◆ Problem to solve ◆
With both ends included, transcribe exactly the records below from their first line to the line that contains "인천에서 부여로 내려".
[Opening Source data section]
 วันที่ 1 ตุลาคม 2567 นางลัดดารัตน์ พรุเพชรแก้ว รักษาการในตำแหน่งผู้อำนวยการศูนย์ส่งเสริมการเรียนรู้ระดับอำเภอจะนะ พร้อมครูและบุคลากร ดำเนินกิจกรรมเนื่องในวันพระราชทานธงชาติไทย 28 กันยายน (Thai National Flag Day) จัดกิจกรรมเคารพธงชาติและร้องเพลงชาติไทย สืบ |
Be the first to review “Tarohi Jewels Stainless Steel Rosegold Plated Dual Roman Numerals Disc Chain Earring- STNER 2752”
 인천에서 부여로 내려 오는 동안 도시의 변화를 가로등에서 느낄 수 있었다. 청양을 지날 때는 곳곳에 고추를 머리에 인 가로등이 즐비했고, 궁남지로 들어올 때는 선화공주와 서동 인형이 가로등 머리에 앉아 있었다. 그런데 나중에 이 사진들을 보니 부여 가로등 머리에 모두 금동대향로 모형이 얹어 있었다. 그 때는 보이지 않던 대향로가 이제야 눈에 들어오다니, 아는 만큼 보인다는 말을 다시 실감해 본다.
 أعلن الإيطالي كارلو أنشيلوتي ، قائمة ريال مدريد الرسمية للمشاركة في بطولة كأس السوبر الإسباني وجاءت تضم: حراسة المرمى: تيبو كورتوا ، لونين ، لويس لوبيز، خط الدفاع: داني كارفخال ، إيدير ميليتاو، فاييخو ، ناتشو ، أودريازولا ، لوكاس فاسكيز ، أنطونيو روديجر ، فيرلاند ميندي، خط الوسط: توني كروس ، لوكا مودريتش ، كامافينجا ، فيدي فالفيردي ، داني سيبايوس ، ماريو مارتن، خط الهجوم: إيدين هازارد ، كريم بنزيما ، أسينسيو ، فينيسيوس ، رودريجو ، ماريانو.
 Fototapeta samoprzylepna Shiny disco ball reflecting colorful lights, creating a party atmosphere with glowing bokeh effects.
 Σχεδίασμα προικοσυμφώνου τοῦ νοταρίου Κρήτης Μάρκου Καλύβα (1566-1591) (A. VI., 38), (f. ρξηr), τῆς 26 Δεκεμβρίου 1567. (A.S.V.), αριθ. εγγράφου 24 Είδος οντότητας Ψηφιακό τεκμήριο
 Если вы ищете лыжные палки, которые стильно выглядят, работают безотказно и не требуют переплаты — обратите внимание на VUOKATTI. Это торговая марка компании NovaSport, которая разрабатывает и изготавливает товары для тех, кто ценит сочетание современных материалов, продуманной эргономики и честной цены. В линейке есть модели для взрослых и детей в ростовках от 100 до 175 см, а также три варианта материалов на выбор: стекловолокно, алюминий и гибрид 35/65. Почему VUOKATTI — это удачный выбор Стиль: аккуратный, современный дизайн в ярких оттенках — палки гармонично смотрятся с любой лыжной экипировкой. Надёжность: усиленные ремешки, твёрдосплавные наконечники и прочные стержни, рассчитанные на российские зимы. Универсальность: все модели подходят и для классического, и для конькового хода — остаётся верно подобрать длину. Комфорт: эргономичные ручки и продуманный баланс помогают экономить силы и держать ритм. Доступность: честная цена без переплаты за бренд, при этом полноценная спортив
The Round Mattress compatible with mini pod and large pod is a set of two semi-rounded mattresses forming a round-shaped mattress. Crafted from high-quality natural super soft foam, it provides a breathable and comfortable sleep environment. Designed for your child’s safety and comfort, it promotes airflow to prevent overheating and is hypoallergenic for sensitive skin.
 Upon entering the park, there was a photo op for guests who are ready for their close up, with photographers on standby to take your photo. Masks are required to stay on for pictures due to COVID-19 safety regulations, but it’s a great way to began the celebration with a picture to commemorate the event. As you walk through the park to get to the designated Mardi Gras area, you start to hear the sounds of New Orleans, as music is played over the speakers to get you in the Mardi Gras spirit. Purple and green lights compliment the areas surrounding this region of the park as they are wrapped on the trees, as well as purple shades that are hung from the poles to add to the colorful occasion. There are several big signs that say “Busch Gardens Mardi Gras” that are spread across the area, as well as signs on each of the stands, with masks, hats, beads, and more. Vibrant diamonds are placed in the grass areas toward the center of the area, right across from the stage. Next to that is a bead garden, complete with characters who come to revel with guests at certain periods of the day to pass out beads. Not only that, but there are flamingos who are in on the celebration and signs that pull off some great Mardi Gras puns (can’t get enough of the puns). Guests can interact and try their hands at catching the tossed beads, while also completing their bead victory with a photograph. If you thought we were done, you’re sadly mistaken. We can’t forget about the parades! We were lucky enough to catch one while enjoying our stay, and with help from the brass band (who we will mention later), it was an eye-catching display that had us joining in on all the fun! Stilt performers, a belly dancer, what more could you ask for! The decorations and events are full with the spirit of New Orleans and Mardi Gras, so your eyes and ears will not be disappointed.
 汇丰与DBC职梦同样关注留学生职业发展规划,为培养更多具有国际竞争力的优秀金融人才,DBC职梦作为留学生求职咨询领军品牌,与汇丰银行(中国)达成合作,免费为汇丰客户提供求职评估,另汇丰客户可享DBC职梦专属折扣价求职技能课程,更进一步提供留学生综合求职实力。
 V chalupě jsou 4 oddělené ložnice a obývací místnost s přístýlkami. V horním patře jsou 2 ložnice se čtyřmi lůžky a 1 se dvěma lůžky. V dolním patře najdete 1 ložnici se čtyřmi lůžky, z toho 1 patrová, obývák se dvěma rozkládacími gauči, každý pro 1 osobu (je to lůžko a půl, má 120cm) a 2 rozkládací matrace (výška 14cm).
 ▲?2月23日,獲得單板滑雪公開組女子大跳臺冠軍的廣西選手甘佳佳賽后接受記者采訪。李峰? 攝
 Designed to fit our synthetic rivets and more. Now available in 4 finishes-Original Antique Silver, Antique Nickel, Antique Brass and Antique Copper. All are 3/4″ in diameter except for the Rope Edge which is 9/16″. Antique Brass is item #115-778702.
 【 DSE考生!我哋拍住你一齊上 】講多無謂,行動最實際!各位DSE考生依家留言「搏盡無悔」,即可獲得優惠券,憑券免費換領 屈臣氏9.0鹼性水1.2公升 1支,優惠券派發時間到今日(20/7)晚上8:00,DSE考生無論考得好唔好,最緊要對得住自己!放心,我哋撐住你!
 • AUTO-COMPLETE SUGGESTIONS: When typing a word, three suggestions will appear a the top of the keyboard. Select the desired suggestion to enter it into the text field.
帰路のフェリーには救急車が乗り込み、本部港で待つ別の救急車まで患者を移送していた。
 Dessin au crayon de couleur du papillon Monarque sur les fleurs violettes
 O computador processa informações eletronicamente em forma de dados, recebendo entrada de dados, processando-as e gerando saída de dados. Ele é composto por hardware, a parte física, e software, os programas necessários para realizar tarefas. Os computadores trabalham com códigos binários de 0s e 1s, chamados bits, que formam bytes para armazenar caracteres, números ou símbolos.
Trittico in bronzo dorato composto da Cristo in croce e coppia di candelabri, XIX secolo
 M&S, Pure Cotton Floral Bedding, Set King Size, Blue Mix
[Closing Source data section]
◆ Reply to the task ◆
 วันที่ 1 ตุลาคม 2567 นางลัดดารัตน์ พรุเพชรแก้ว รักษาการในตำแหน่งผู้อำนวยการศูนย์ส่งเสริมการเรียนรู้ระดับอำเภอจะนะ พร้อมครูและบุคลากร ดำเนินกิจกรรมเนื่องในวันพระราชทานธงชาติไทย 28 กันยายน (Thai National Flag Day) จัดกิจกรรมเคารพธงชาติและร้องเพลงชาติไทย สืบ |
Be the first to review “Tarohi Jewels Stainless Steel Rosegold Plated Dual Roman Numerals Disc Chain Earring- STNER 2752”
 인천에서 부여로 내려 오는 동안 도시의 변화를 가로등에서 느낄 수 있었다. 청양을 지날 때는 곳곳에 고추를 머리에 인 가로등이 즐비했고, 궁남지로 들어올 때는 선화공주와 서동 인형이 가로등 머리에 앉아 있었다. 그런데 나중에 이 사진들을 보니 부여 가로등 머리에 모두 금동대향로 모형이 얹어 있었다. 그 때는 보이지 않던 대향로가 이제야 눈에 들어오다니, 아는 만큼 보인다는 말을 다시 실감해 본다.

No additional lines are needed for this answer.